Exercise aim: Look through the material below and copy exactly the lines from the line with "내가 페루에서 먹고 싶었던" to the line with "Multi Color Zigzag", those two lines included.

Provided material:
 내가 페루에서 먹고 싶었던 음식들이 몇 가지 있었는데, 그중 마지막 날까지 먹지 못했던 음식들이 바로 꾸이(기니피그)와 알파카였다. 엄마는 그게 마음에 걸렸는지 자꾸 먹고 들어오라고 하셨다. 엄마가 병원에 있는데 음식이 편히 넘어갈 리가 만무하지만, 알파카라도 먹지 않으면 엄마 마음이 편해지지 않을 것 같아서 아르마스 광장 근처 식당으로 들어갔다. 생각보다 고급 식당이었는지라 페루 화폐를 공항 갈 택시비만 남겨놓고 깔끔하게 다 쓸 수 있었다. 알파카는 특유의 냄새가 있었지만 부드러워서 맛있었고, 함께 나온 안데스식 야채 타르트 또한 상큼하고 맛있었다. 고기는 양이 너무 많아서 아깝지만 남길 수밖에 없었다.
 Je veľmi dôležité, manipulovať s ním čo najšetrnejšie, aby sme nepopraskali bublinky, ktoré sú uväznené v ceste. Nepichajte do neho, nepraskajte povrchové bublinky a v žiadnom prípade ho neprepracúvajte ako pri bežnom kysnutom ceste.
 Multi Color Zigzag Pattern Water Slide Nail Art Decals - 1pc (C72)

--

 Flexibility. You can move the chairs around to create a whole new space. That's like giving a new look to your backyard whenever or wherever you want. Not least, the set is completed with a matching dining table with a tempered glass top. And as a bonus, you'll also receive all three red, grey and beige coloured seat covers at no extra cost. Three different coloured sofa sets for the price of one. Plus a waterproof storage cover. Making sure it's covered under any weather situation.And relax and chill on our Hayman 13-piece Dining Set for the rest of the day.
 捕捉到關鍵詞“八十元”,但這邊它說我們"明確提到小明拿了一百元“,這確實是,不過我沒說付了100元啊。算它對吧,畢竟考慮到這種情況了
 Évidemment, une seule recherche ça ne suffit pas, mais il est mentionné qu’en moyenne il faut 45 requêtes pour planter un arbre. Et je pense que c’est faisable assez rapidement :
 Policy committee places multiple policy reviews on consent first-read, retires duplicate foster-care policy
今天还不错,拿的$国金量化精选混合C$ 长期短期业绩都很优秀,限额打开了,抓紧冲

Reply to the task:
 내가 페루에서 먹고 싶었던 음식들이 몇 가지 있었는데, 그중 마지막 날까지 먹지 못했던 음식들이 바로 꾸이(기니피그)와 알파카였다. 엄마는 그게 마음에 걸렸는지 자꾸 먹고 들어오라고 하셨다. 엄마가 병원에 있는데 음식이 편히 넘어갈 리가 만무하지만, 알파카라도 먹지 않으면 엄마 마음이 편해지지 않을 것 같아서 아르마스 광장 근처 식당으로 들어갔다. 생각보다 고급 식당이었는지라 페루 화폐를 공항 갈 택시비만 남겨놓고 깔끔하게 다 쓸 수 있었다. 알파카는 특유의 냄새가 있었지만 부드러워서 맛있었고, 함께 나온 안데스식 야채 타르트 또한 상큼하고 맛있었다. 고기는 양이 너무 많아서 아깝지만 남길 수밖에 없었다.
 Je veľmi dôležité, manipulovať s ním čo najšetrnejšie, aby sme nepopraskali bublinky, ktoré sú uväznené v ceste. Nepichajte do neho, nepraskajte povrchové bublinky a v žiadnom prípade ho neprepracúvajte ako pri bežnom kysnutom ceste.
 Multi Color Zigzag Pattern Water Slide Nail Art Decals - 1pc (C72)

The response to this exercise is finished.